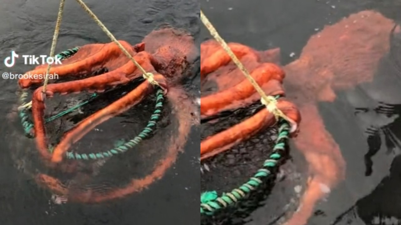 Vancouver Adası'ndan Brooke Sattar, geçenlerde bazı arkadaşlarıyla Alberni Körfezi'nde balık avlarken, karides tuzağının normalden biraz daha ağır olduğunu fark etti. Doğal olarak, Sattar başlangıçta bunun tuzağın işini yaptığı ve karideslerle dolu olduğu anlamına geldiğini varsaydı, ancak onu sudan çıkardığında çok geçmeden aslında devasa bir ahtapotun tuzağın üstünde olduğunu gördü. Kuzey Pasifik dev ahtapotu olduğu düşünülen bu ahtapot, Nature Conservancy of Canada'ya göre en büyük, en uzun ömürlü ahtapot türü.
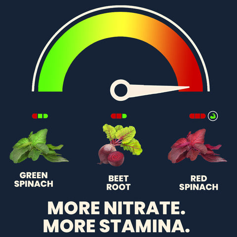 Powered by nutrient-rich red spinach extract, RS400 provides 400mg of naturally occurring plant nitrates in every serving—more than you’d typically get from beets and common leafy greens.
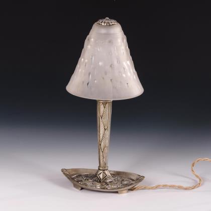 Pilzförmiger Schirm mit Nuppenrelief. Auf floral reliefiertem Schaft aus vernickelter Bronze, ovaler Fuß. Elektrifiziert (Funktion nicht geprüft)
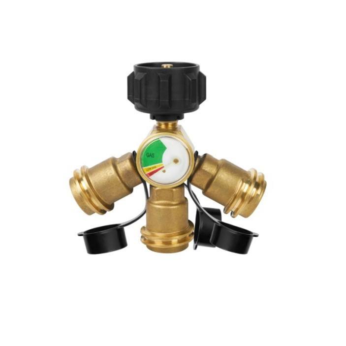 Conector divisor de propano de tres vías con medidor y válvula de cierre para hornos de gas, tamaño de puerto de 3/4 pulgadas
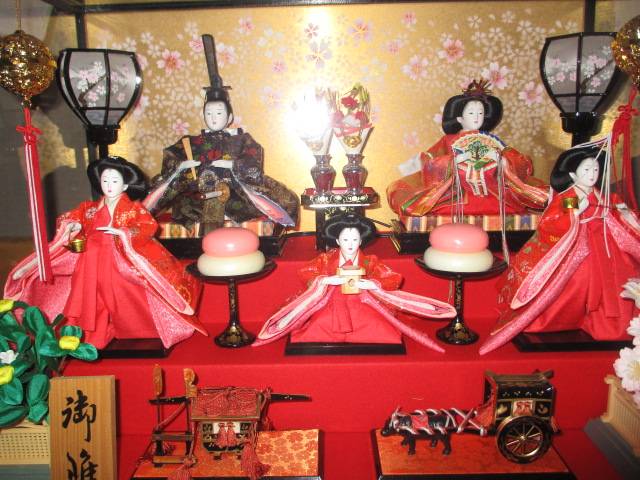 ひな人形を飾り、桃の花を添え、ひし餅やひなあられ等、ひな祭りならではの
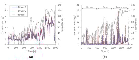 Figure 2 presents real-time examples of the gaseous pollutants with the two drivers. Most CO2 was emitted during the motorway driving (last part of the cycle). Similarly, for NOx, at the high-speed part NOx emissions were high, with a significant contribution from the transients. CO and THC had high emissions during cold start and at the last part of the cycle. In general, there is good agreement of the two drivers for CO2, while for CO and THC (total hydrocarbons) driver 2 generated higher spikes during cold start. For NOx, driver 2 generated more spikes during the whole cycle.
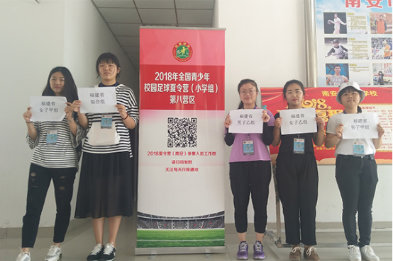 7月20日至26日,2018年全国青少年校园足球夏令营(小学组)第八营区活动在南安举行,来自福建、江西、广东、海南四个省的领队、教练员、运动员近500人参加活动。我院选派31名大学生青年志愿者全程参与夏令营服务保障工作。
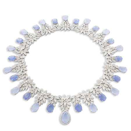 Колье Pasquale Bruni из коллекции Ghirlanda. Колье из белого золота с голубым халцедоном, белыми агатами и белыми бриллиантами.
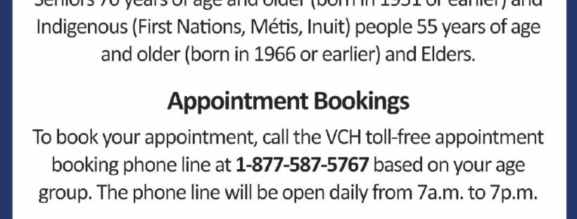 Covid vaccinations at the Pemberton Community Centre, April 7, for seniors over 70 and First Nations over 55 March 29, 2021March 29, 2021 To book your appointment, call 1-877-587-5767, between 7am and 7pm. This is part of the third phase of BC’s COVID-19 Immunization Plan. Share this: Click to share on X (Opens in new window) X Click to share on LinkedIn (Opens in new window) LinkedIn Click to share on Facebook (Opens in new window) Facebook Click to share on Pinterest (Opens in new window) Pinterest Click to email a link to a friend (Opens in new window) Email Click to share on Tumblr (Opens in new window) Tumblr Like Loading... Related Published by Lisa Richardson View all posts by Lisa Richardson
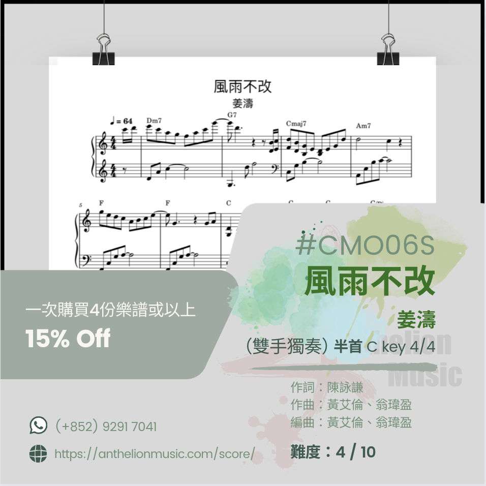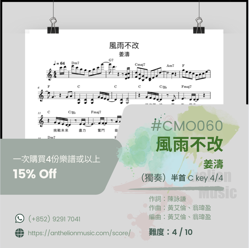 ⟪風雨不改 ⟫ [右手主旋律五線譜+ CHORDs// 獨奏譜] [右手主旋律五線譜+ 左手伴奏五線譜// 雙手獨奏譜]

____________________

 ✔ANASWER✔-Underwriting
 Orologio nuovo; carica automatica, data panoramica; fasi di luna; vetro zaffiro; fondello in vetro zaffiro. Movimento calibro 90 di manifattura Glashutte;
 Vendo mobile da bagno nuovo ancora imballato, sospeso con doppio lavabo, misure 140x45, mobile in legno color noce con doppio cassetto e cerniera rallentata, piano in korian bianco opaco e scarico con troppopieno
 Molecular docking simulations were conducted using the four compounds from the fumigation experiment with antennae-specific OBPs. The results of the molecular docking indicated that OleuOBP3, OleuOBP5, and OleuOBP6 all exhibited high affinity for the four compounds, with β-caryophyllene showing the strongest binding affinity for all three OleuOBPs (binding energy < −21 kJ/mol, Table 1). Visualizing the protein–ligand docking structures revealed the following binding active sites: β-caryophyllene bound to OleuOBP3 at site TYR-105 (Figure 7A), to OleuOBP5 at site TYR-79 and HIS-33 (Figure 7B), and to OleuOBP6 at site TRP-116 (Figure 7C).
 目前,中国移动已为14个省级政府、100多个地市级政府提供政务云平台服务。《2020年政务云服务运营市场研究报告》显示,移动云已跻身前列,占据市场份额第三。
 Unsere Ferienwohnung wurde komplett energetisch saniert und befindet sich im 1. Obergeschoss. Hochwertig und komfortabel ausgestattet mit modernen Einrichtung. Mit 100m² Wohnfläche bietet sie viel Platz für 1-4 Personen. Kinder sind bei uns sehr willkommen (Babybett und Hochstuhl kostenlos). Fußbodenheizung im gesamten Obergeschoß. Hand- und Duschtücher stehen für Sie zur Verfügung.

____________________

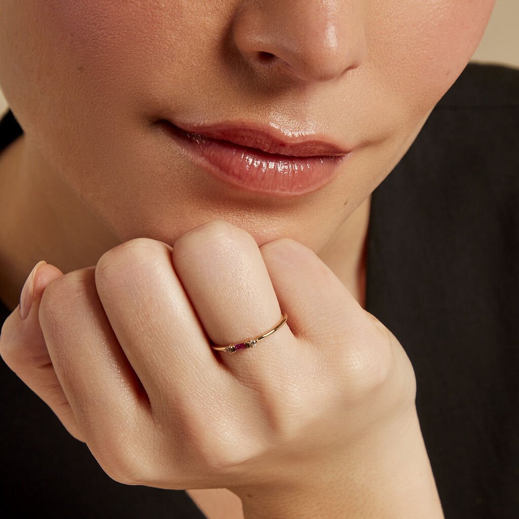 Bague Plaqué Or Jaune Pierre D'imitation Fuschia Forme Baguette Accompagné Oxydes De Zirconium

____________________

WHAT THIS TASK INVOLVES:
The string "nuovo" may occur on several lines of the listing; state how many such lines there are, giving the number only.

RESULT OF THIS EXERCISE:
2